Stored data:
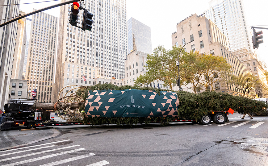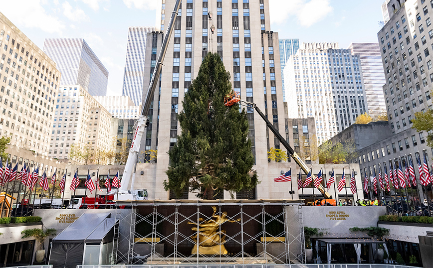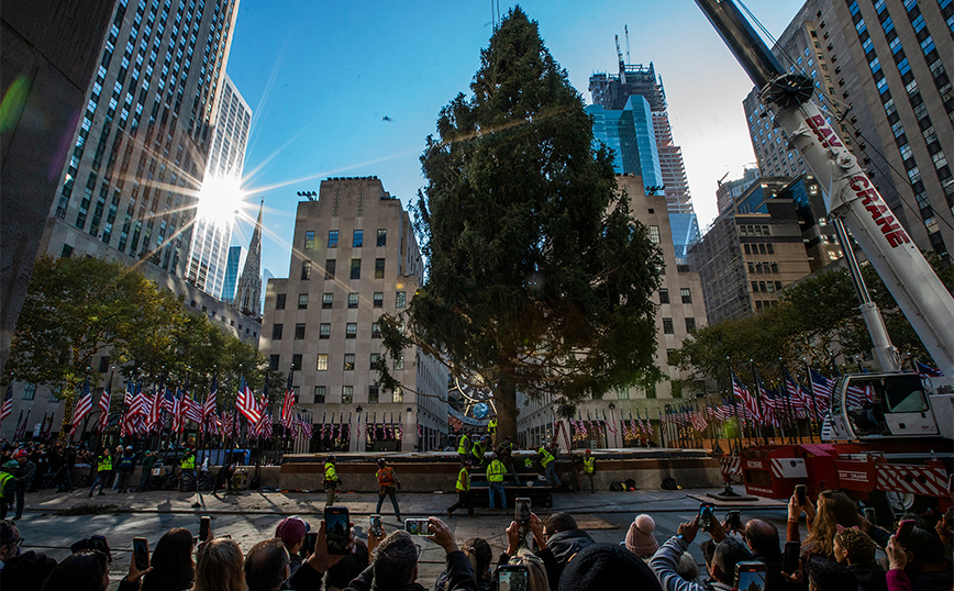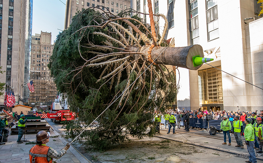 Τεράστιο χριστουγεννιάτικο δέντρο, μία νορβηγική ελάτη μήκους 24 μέτρων που μεταφέρθηκε με κάθε… επισημότητα στο αίθριο του Ροκφέλερ, ενώ πλήθος κόσμου χειροκροτούσε και έβγαζε αναμνηστικές φωτογραφίες.
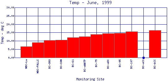 The above map indicates water quality monitoring sites. To view data at a specific site select it from the map with the mouse.
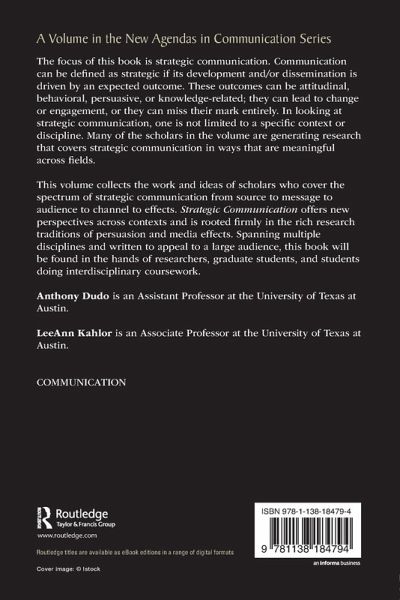 This volume collects the work and idea of scholars who cover the spectrum of strategic communication from source to message to audience to channel to effects. Strategic Communication offers news perspectives across contexts and is rooted firmly in the rich research traditions of persuasion and media effects. Spanning multiple disciplines and written to appeal to a large audience, this book will be found in the hands of researchers, graduate students, and students doing interdisciplinary coursework.
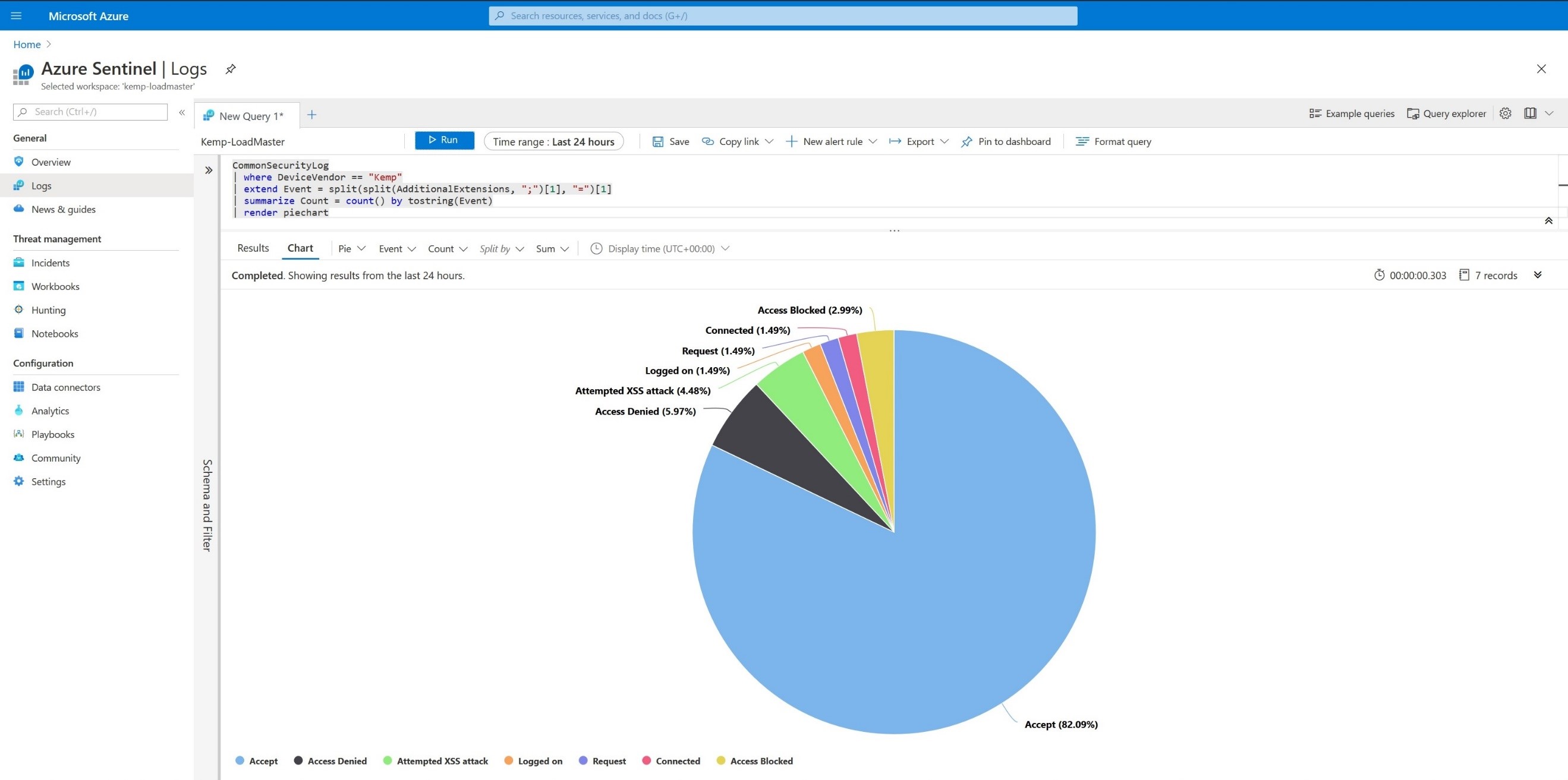 CommonSecurityLog | where DeviceVendor == “Kemp” | extend Event = split(split(AdditionalExtensions, “;”)[1], “=”)[1] | summarize Count = count() by tostring(Event) | render piechart
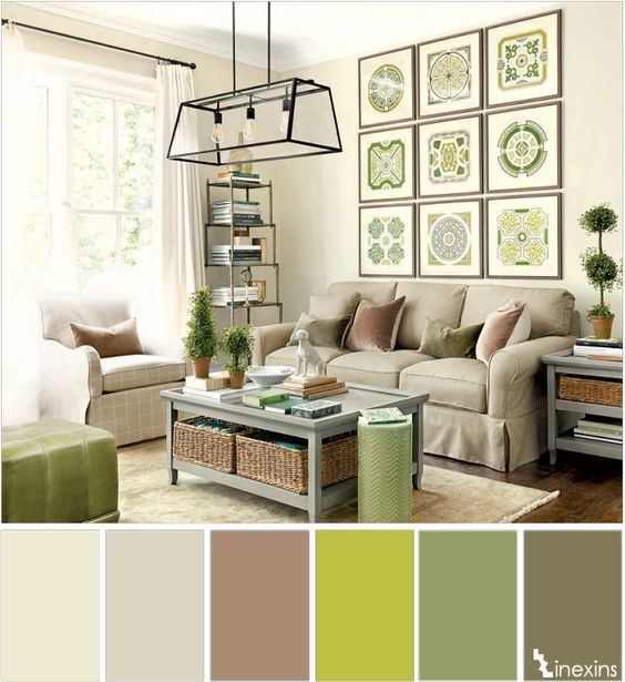 Nessa combinação temos uma variação de cores entre palha, bege, marrom, e três tonalidades diferentes de verde. Essas combinações de cores proporcionam um equilíbrio e calmaria.
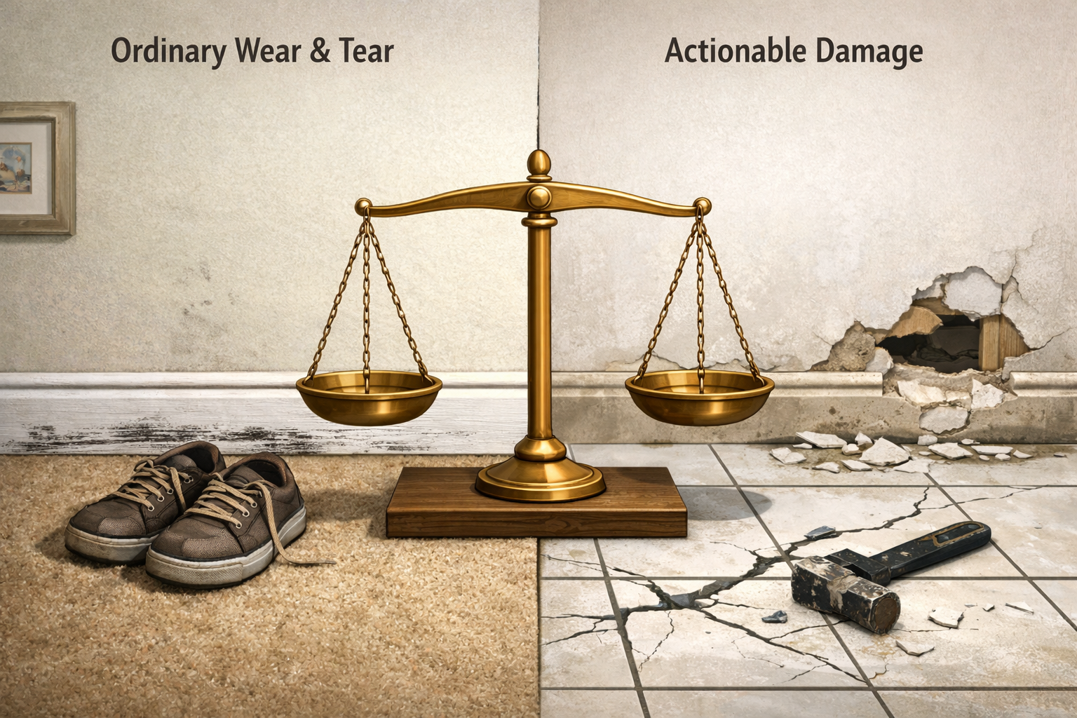 This is the central battlefield of security deposit litigation. The law distinguishes between “ordinary wear and tear”(the natural deterioration of a properties like faded paint, worn carpet pile, small nail holes)and "actual damage" (e.g., broken windows, large holes in drywall, or pet-related floor destruction). Landlords who attempt to charge tenants for the cost of "refreshing" a unit for the next occupant are often found to have made unlawful deductions.
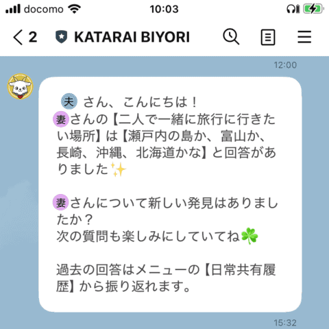 「会話のきっかけ」と「気持ちを伝える機会」の2軸で、パートナーとのコミュニケーションをサポートするサービス。LINEの公式アカウントに登録してパートナーを招待をすると、執事のメェープルくんが約1週間に一度のペースで2人に関する様々な質問を投げかける。2人が回答すると双方に共有され、お互いに関して新しい気づきや会話のきっかけを与える。
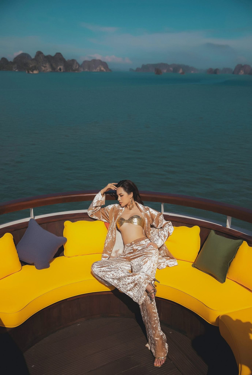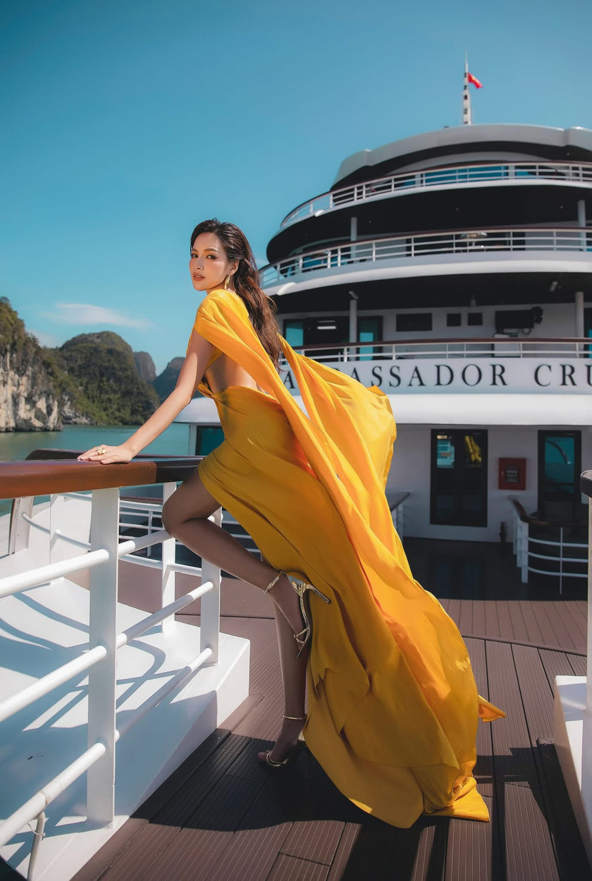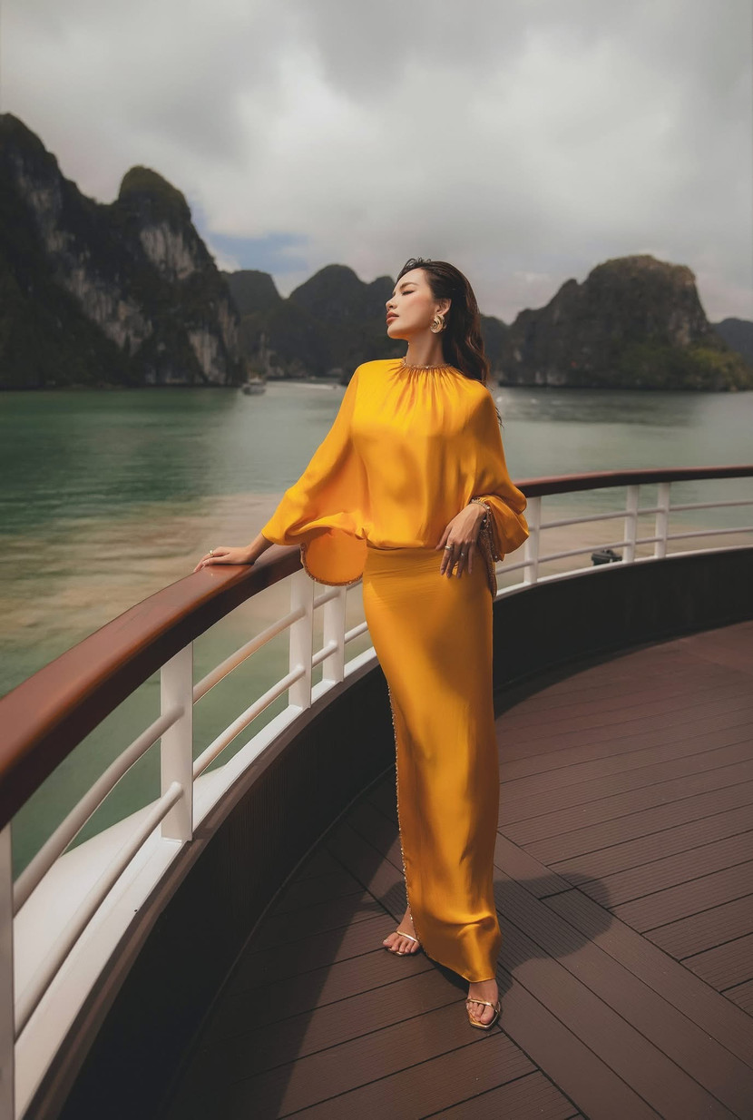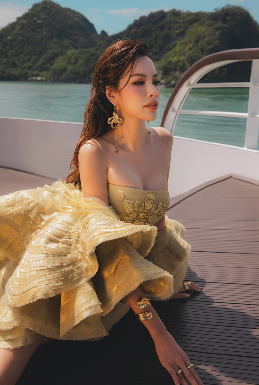 Trong từng khung hình, Lê Hoàng Phương thể hiện trọn vẹn tinh thần của bộ sưu tập "Golden Heritage" – sang trọng, quyền lực và đầy tính biểu tượng. Là một trong những hoa hậu sở hữu vóc dáng ấn tượng của showbiz Việt hiện nay, cô tận dụng triệt để hình thể chuẩn quốc tế cùng thần thái tự tin để tôn vinh những đường cắt xẻ táo bạo. Đặc biệt, ánh mắt sắc lạnh, lối tạo dáng dứt khoát và chuyển động mềm mại trước ống kính giúp cô trở thành tâm điểm giữa khung cảnh thiên nhiên hùng vĩ của Vịnh Hạ Long.

Work required:
Which part of the entries opens with the line containing "This volume collects" and closes with the line containing "Nessa combinação temos"? Output that part exactly, ends included, pictures excluded.

Completed exercise:
 This volume collects the work and idea of scholars who cover the spectrum of strategic communication from source to message to audience to channel to effects. Strategic Communication offers news perspectives across contexts and is rooted firmly in the rich research traditions of persuasion and media effects. Spanning multiple disciplines and written to appeal to a large audience, this book will be found in the hands of researchers, graduate students, and students doing interdisciplinary coursework.
 CommonSecurityLog | where DeviceVendor == “Kemp” | extend Event = split(split(AdditionalExtensions, “;”)[1], “=”)[1] | summarize Count = count() by tostring(Event) | render piechart
 Nessa combinação temos uma variação de cores entre palha, bege, marrom, e três tonalidades diferentes de verde. Essas combinações de cores proporcionam um equilíbrio e calmaria.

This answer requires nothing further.